Data listing »
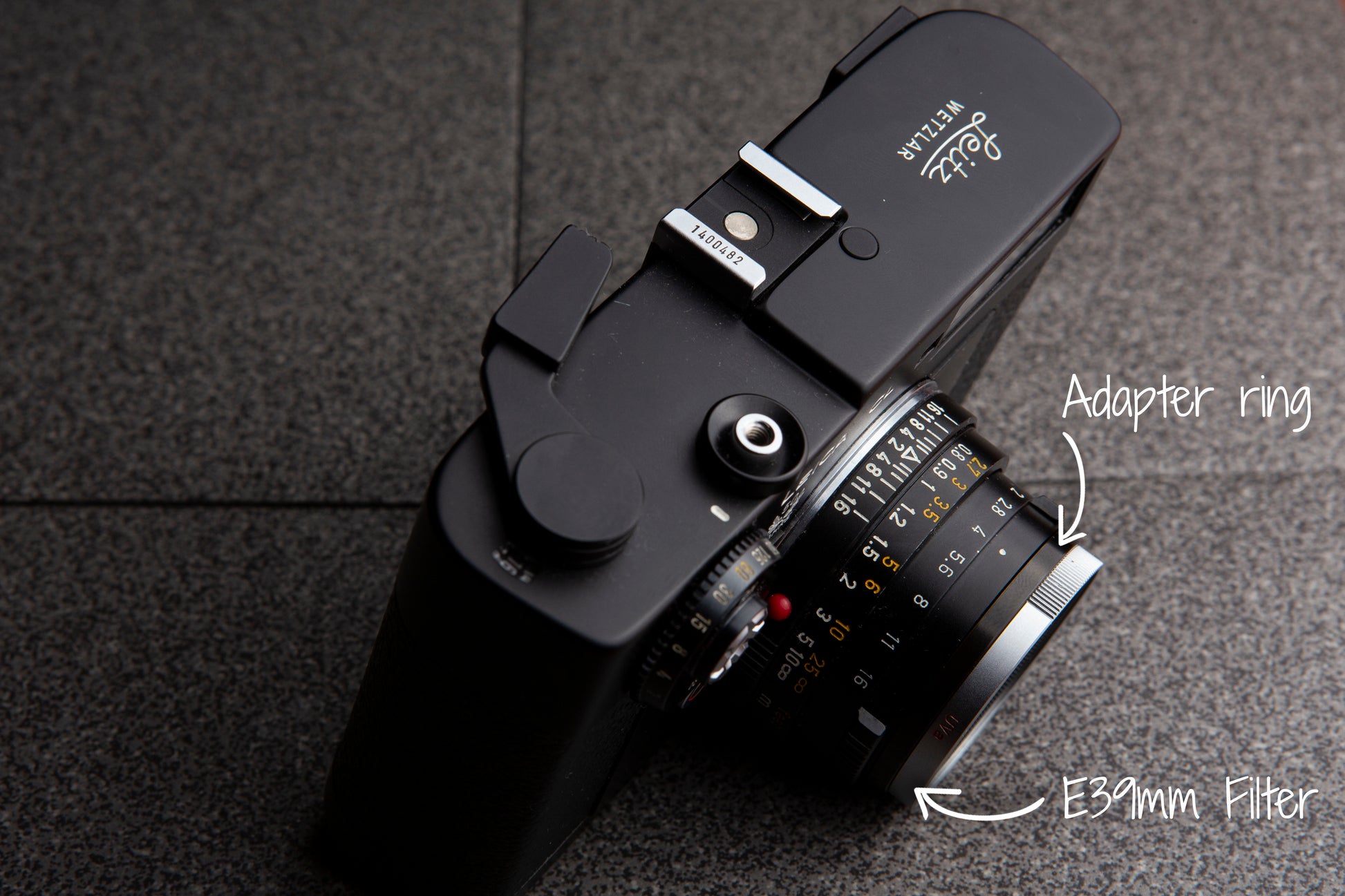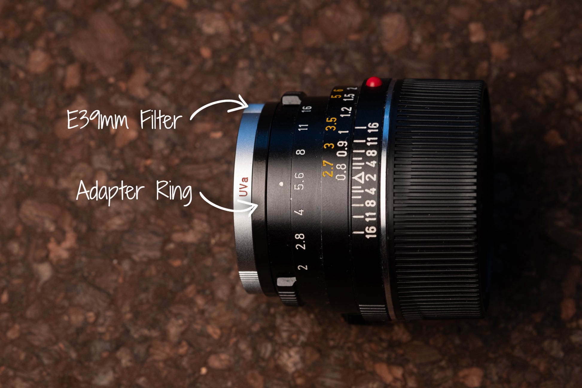 Our adapter ring screws into the 40mm lens and then accepts a E39mm filter, meaning you can use your standard filters with this lens.
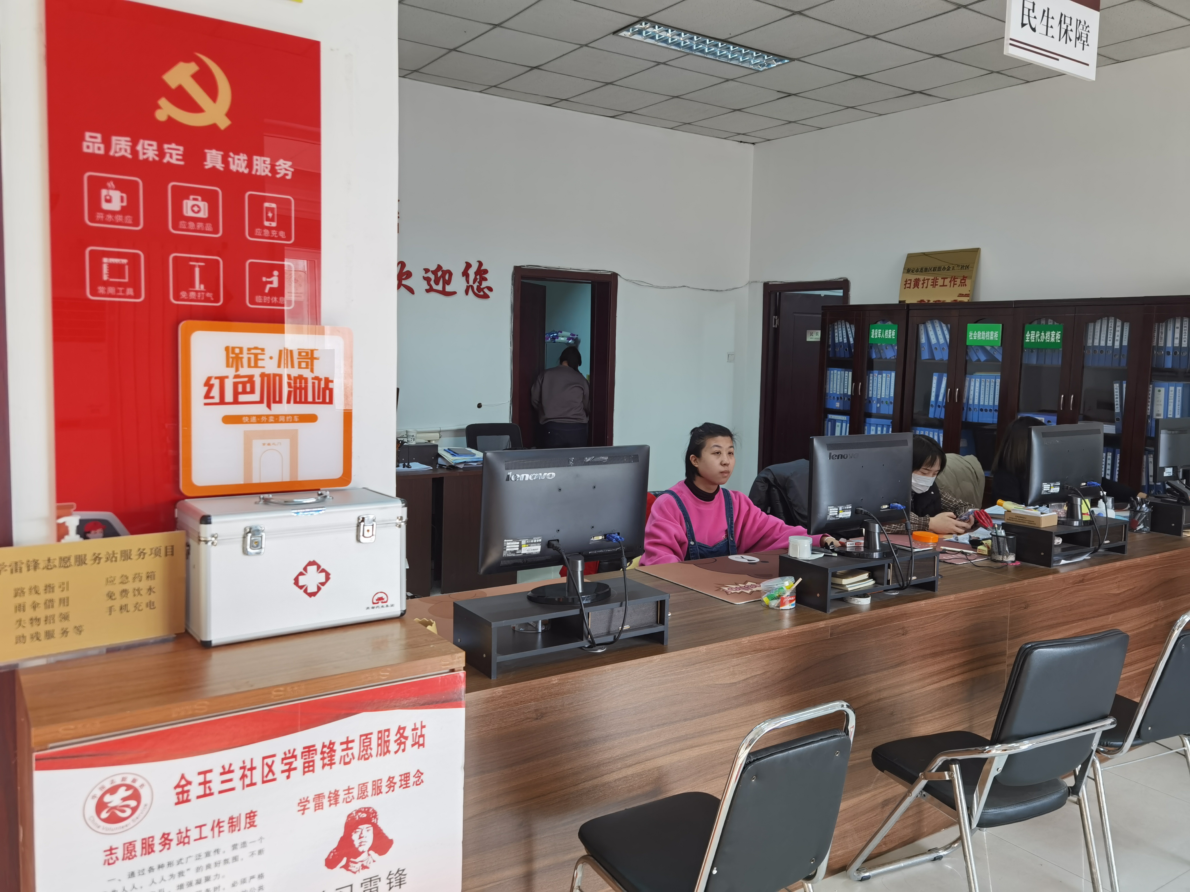 去年年底,经过申报评选,金玉兰社区设立了“保定·小哥红色加油站”。评选完成后,社区党总支书记邸晓霞就主动将这个好消息告知了社区附近三家快递站点负责人。渐渐的,来社区接水的快递小哥越来越多。
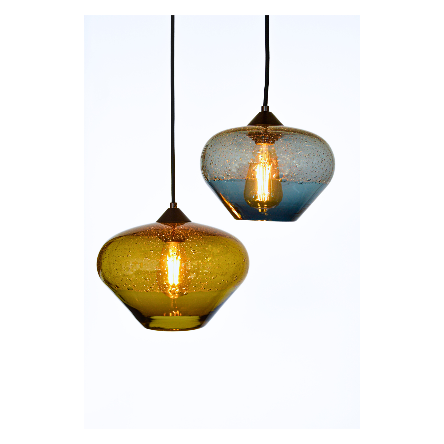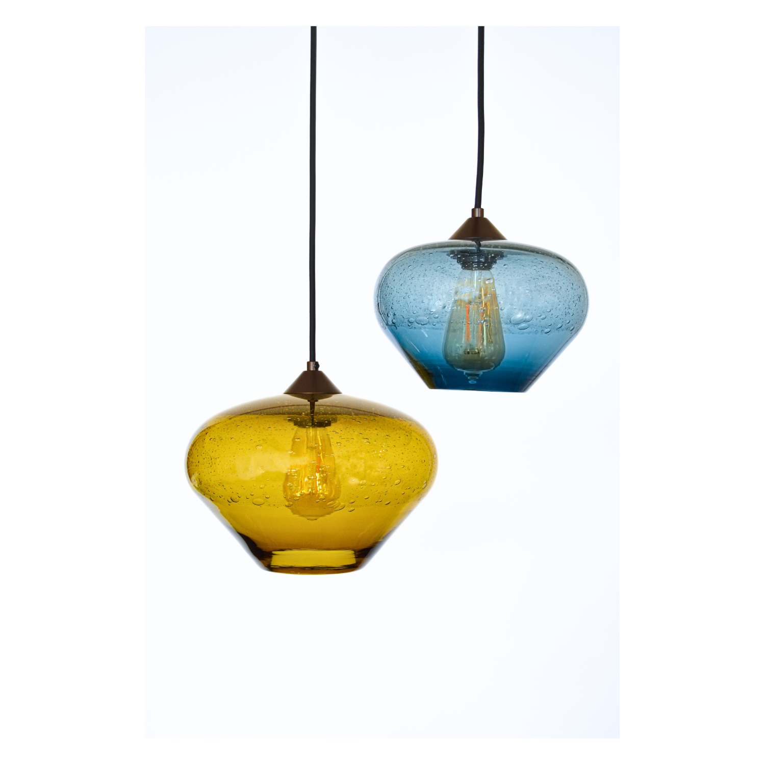 The Seeded Olga's silhouette embodies our design principles of sleekness, modernity, and refinement. Handblown in the mountains of Asheville, North Carolina, our hand-crafted art glass pendants are individually handblown with design and quality in mind. Choose from various sizes and colors to coordinate with your home's aesthetic.Â
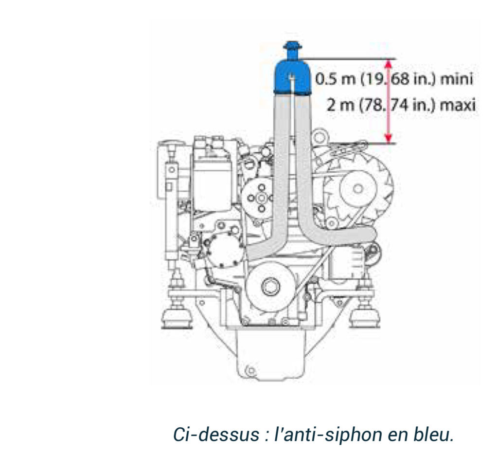 J’envisage de mettre un anti-siphon sur la Nanni Kubota 4.40 d’une pénichette de quelqu’un de ma famille car le moteur se trouve sous la flottaison. Selon les docs constructeur, il est préconisé de le mettre à plus de 50 cm soit au-dessus du haut du moteur, soit au-dessus de la flottaison.
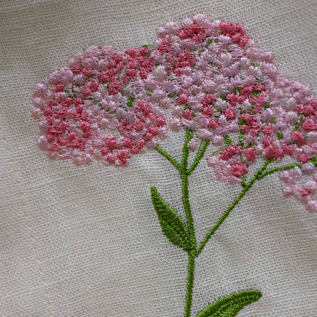 Individuales Bouquet en Algodón Rosa con Bordado de Hortensia. Set de 4
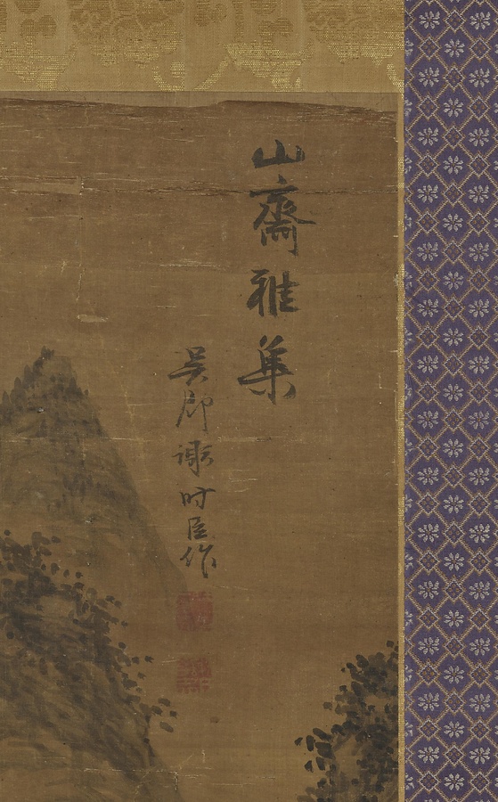 謝時臣【しゃじしん】ははじめ沈周【しんしゅう】に画を学び、文徴明らと交遊のあった文人画家です。書は特に隷書を善くしました。画は山水に長じ、当時、蘇州に流行していた呉派【ごは】の流れを承けるものの、浙派【せっぱ】の戴震【たいしん】や呉偉【ごい】の影響も承け、独自の画風を創出しました。(20160720_t08橋本コレクション)

Problem to solve »
Please repeat the records above word for word, and do not include the pictures.

Response for this exercise »
 Our adapter ring screws into the 40mm lens and then accepts a E39mm filter, meaning you can use your standard filters with this lens.
 去年年底,经过申报评选,金玉兰社区设立了“保定·小哥红色加油站”。评选完成后,社区党总支书记邸晓霞就主动将这个好消息告知了社区附近三家快递站点负责人。渐渐的,来社区接水的快递小哥越来越多。
 The Seeded Olga's silhouette embodies our design principles of sleekness, modernity, and refinement. Handblown in the mountains of Asheville, North Carolina, our hand-crafted art glass pendants are individually handblown with design and quality in mind. Choose from various sizes and colors to coordinate with your home's aesthetic.Â
 J’envisage de mettre un anti-siphon sur la Nanni Kubota 4.40 d’une pénichette de quelqu’un de ma famille car le moteur se trouve sous la flottaison. Selon les docs constructeur, il est préconisé de le mettre à plus de 50 cm soit au-dessus du haut du moteur, soit au-dessus de la flottaison.
 Individuales Bouquet en Algodón Rosa con Bordado de Hortensia. Set de 4
 謝時臣【しゃじしん】ははじめ沈周【しんしゅう】に画を学び、文徴明らと交遊のあった文人画家です。書は特に隷書を善くしました。画は山水に長じ、当時、蘇州に流行していた呉派【ごは】の流れを承けるものの、浙派【せっぱ】の戴震【たいしん】や呉偉【ごい】の影響も承け、独自の画風を創出しました。(20160720_t08橋本コレクション)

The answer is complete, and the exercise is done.